Multi-Head Attention — Complete Cost (for batch size $B$)
Component Parameters FLOPs (per sample)
Q, K, V projections (all heads combined) $3d^2$ $3 \times 2nd^2 = 6nd^2$
Attention scores (all heads) 0 $h \times 2n^2(d/h) = 2n^2 d$
Softmax (all heads) 0 $h \times 5n^2 = 5hn^2$
Value weighting (all heads) 0 $h \times 2n^2(d/h) = 2n^2 d$
Output projection $\bm{W}_O$ $d^2$ $2nd^2$
Total MHA $\mathbf{4d^2}$ $\mathbf{8nd^2 + 4n^2 d + 5hn^2}$

The dominant terms are the linear projections ($8nd^2$) and the attention computation ($4n^2d$). For short sequences ($n \ll d$), the projections dominate. For long sequences ($n \gg d$), the quadratic attention term dominates.

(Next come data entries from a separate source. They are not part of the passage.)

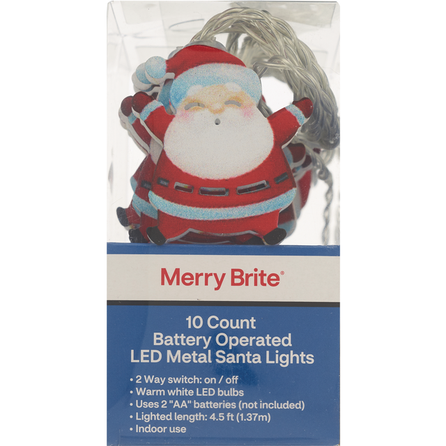 slide 1 of 1, NON BRAND 10Ct B/O Led Metal Ls 4Asst, Santa, 1 ct
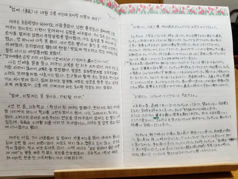 2017년 여름, ‘우리 동완씨’ 콘서트를 보고 돌아가던 기쿠치 미유키씨는 인천국제공항 서점에서 <소년의 레시피>를 샀다. 직장에 1시간 일찍 출근해서 한국어를 공부하는 미유키씨는 <소년의 레시피>를 한글로 쓰고 다시 일본어로 번역했다. 덕분에 나는 미유키씨와 인스타그램에서 친구 먹었다.
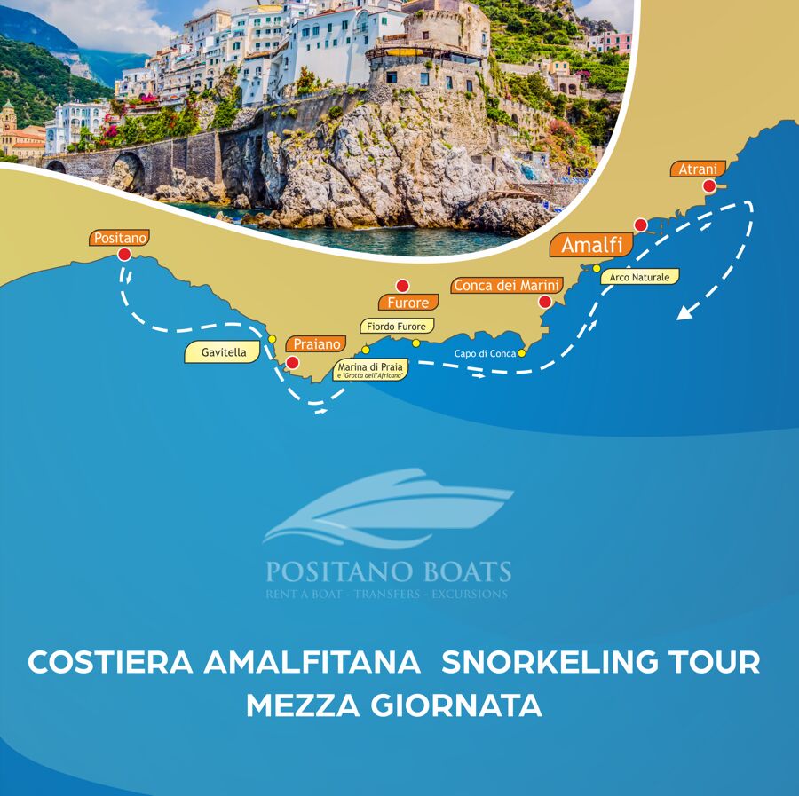 Scopri la Costiera Amalfitana dal mare con il nostro esclusivo snorkeling tour di mezza giornata per piccoli gruppi.
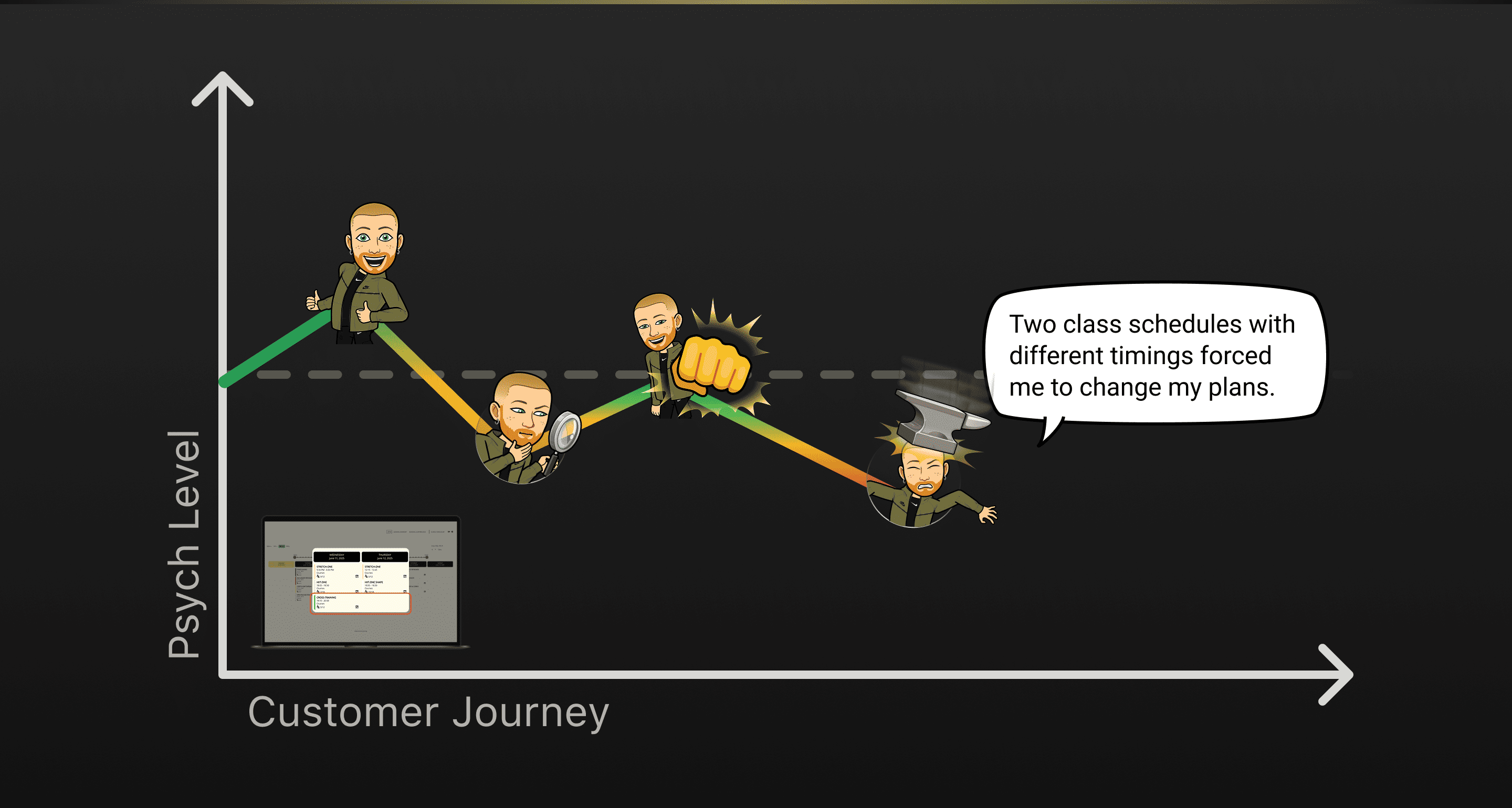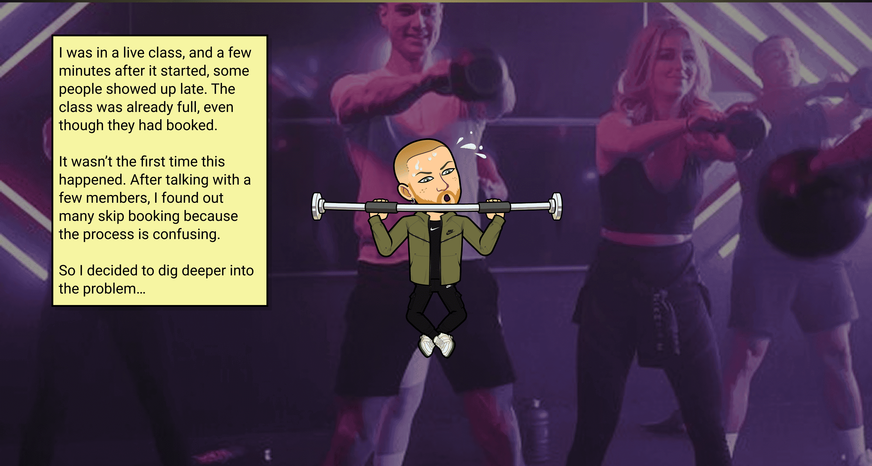 After analysing all the findings, it became clear that the system had serious usability issues causing users to drop off when trying to book a class. This directly explained why many people ended up showing up to classes without a booking, hoping for a free spot. Exactly the issue I noticed at the beginning of the project.

Crossover point: $8nd^2 = 4n^2d$ → $n = 2d$. For $d = 768$ (BERT-base), the crossover is at $n = 1{,}536$ tokens.

Attention Memory — The $n^2$ Problem

The attention matrix $\bm{A} \in \R^{B \times h \times n \times n}$ must be stored for backpropagation.

$$\text{Attention matrix memory} = B \times h \times n^2 \times \text{bytes\_per\_element}$$

For GPT-3 scale: $B=1$, $h=96$, $n=2048$, FP16: $1 \times 96 \times 2048^2 \times 2 = 805$ MB — just for one layer's attention matrix. With 96 layers, this is 75 GB for attention matrices alone.

22.3 Position-Wise Feed-Forward Network (FFN)

FFN Block
$$\text{FFN}(\bm{x}) = \text{GELU}(\bm{x}\bm{W}_1 + \bm{b}_1)\bm{W}_2 + \bm{b}_2$$

where $\bm{W}_1 \in \R^{d \times d_{\text{ff}}}$, $\bm{W}_2 \in \R^{d_{\text{ff}} \times d}$, and typically $d_{\text{ff}} = 4d$.

FFN — Computational Cost
Component Parameters FLOPs (per sample)
$\bm{x}\bm{W}_1 + \bm{b}_1$ (expand) $d \cdot d_{\text{ff}} + d_{\text{ff}}$ $2n \cdot d \cdot d_{\text{ff}}$
GELU activation 0 $\approx 14 \cdot n \cdot d_{\text{ff}}$
$\bm{h}\bm{W}_2 + \bm{b}_2$ (project back) $d_{\text{ff}} \cdot d + d$ $2n \cdot d_{\text{ff}} \cdot d$
Total FFN $\mathbf{2d \cdot d_{\text{ff}} + d_{\text{ff}} + d}$ $\approx \mathbf{4nd \cdot d_{\text{ff}}}$

With $d_{\text{ff}} = 4d$: Parameters = $8d^2 + 5d \approx 8d^2$. FLOPs = $16nd^2$.

The FFN has 2× the parameters and 2× the FLOPs of MHA (at $8d^2$ vs $4d^2$ params, $16nd^2$ vs $8nd^2$ FLOPs for the linear parts). The FFN is typically the larger component of a Transformer block.

22.4 Positional Encoding

Sinusoidal Positional Encoding (Original Transformer)
$$\text{PE}(pos, 2i) = \sin\!\left(\frac{pos}{10000^{2i/d}}\right), \quad \text{PE}(pos, 2i+1) = \cos\!\left(\frac{pos}{10000^{2i/d}}\right)$$

FLOPs: $nd$ (computed once, cached). Parameters: 0 (deterministic).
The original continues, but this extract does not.